Mutual funds have to pay 15% interest for delay in redemption, dividend payment
Capital market regulator has amended mutual fund regulations with regard to transfer of dividend and redemption proceeds to unitholders. In case of delay beyond the stipulated period, mutual fund houses have to pay interest for the period of delay in transfer of redemption or repurchase or dividend to unitholders at the rate of 15% per annum along with the proceeds of redemption or repurchase or dividend.
Here are the new rules for Mutual fund transfer of Dividend Payment
-The record date shall be two working days from the issue of public notice, wherever applicable, for the purpose of payment of dividend
-The payment of dividend to the unitholders shall be made within seven working days from the record date.
Here are the new mutual fund rules for transfer of redemption or repurchase proceeds
-The transfer of redemption or repurchase proceeds to the unitholders shall be made within three working days from the date of redemption or repurchase
-For schemes investing at least 80% of total assets in permissible overseas investments, the transfer of redemption or repurchase proceeds to the unitholders shall be made within five working days from the date of redemption or repurchase.

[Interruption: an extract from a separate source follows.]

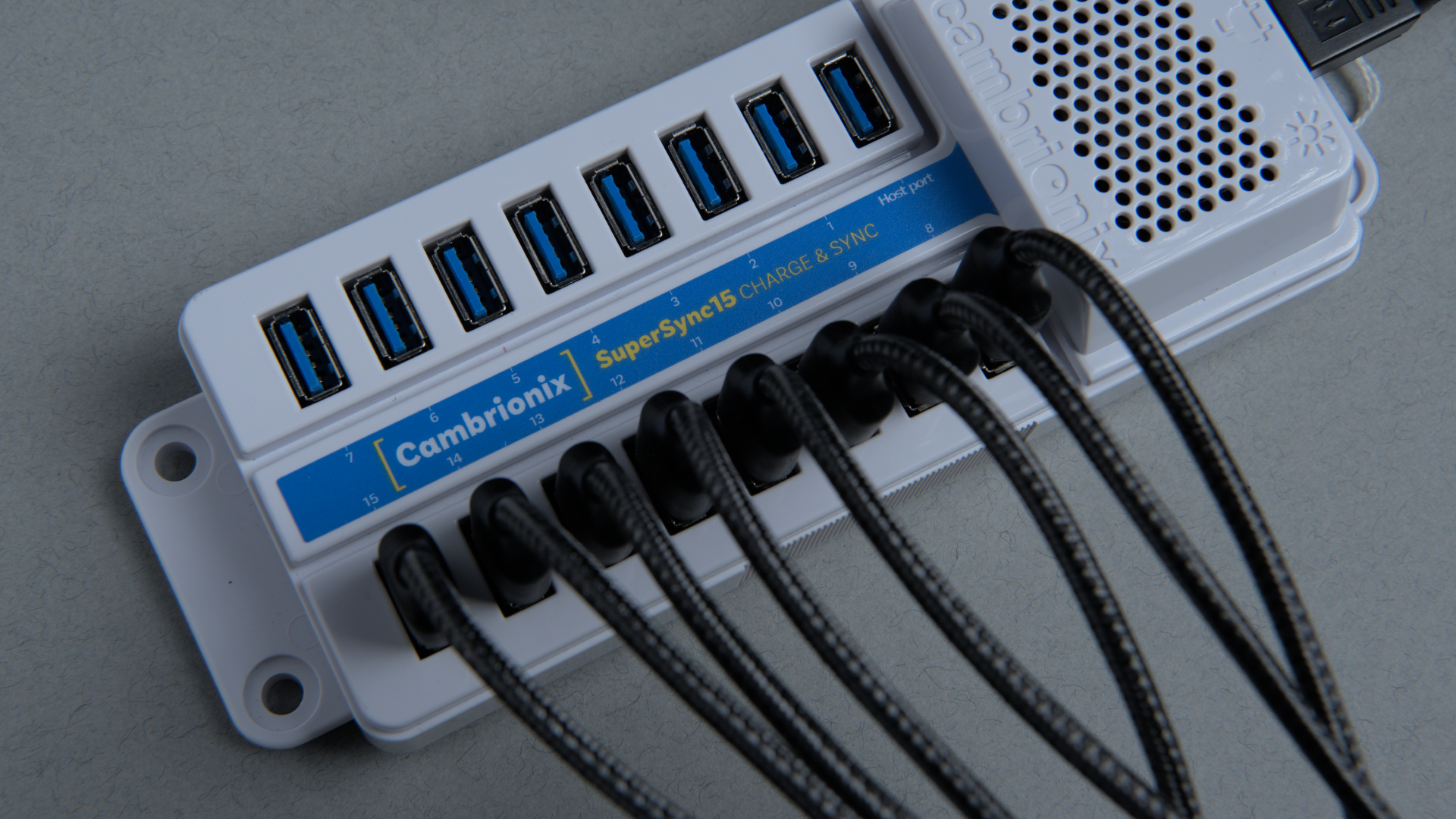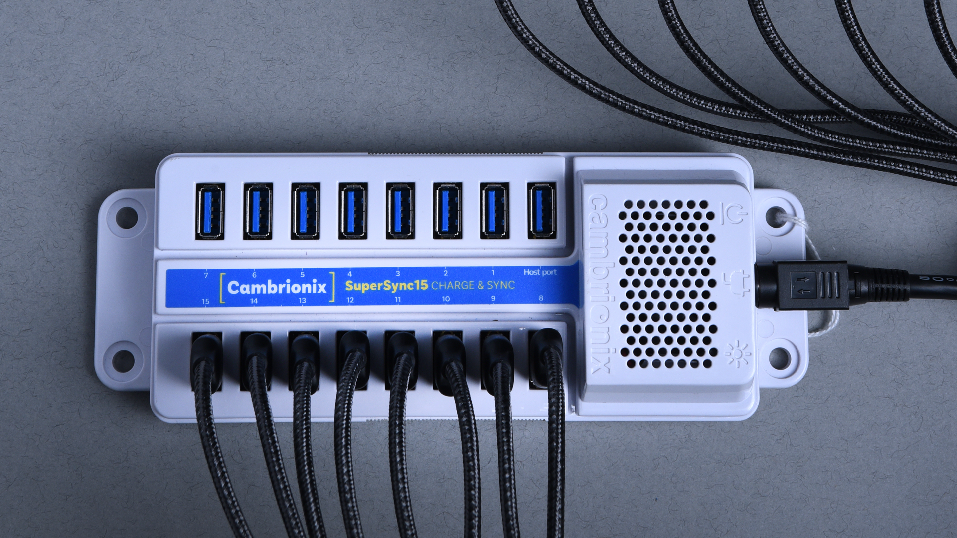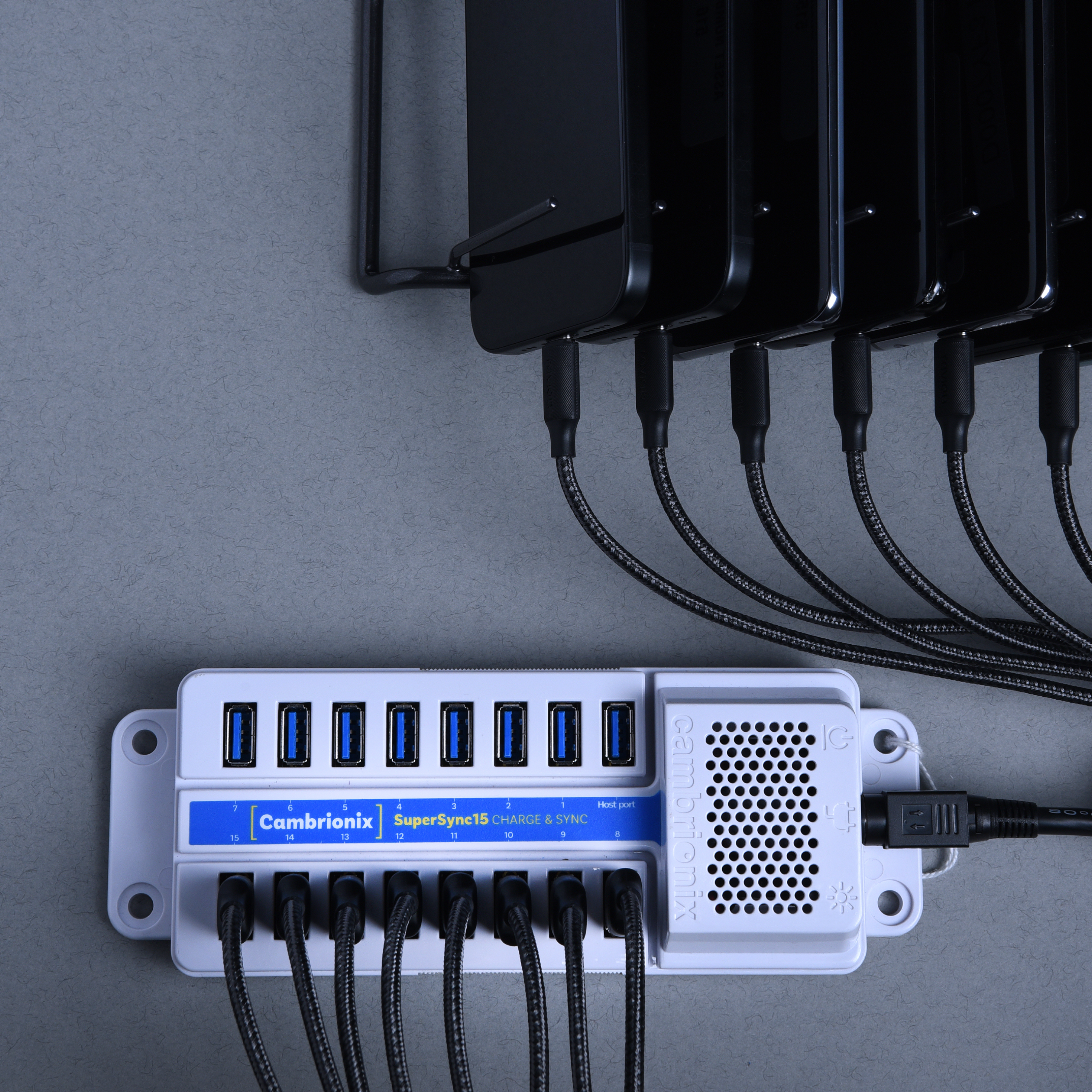 The SuperSync15 is a premium, industrial-grade, fifteen-port USB-A hub designed to charge, connect, and manage devices quickly, reliably, and safely. All downstream ports deliver a shared 5 Gbps for rapid data transfer and up to 10W power output for fast charging of devices.

Mutual fund AMFI, in consultation with Sebi, shall publish a list of exceptional circumstances for schemes unable to transfer redemption or repurchase proceeds to investors, along with applicable time frame for transfer of redemption or repurchase proceeds to the unitholders in such exceptional circumstances, the circular said.
Separately, the capital markets regulator also amended norms to bring buying and selling of mutual fund units under the ambit of insider trading rules.
At present, insider trading rules are applicable to dealing in securities of listed companies or those proposed to be listed, when in possession of Unpublished Price Sensitive Information (UPSI). The units of mutual funds are specifically excluded from the definition of securities under the rules.
Sebi’s latest decision follows the Franklin Templeton episode, in which the fund house’s few executives were accused of redeeming their holdings in the schemes ahead of the six debt schemes shutting for redemption.
“No insider shall trade in the units of a scheme of a mutual fund, when in possession of unpublished price sensitive information, which may have a material impact on the net asset value of a scheme or may have a material impact on the interest of the unit holders of the scheme,” Sebi said in a notification issued on Thursday.
Under the new rules, asset management companies (AMCs) will have to disclose the details of holdings in the units of its mutual fund schemes, on an aggregated basis, held by the AMC, trustees and their immediate relatives on the platform of stock exchanges.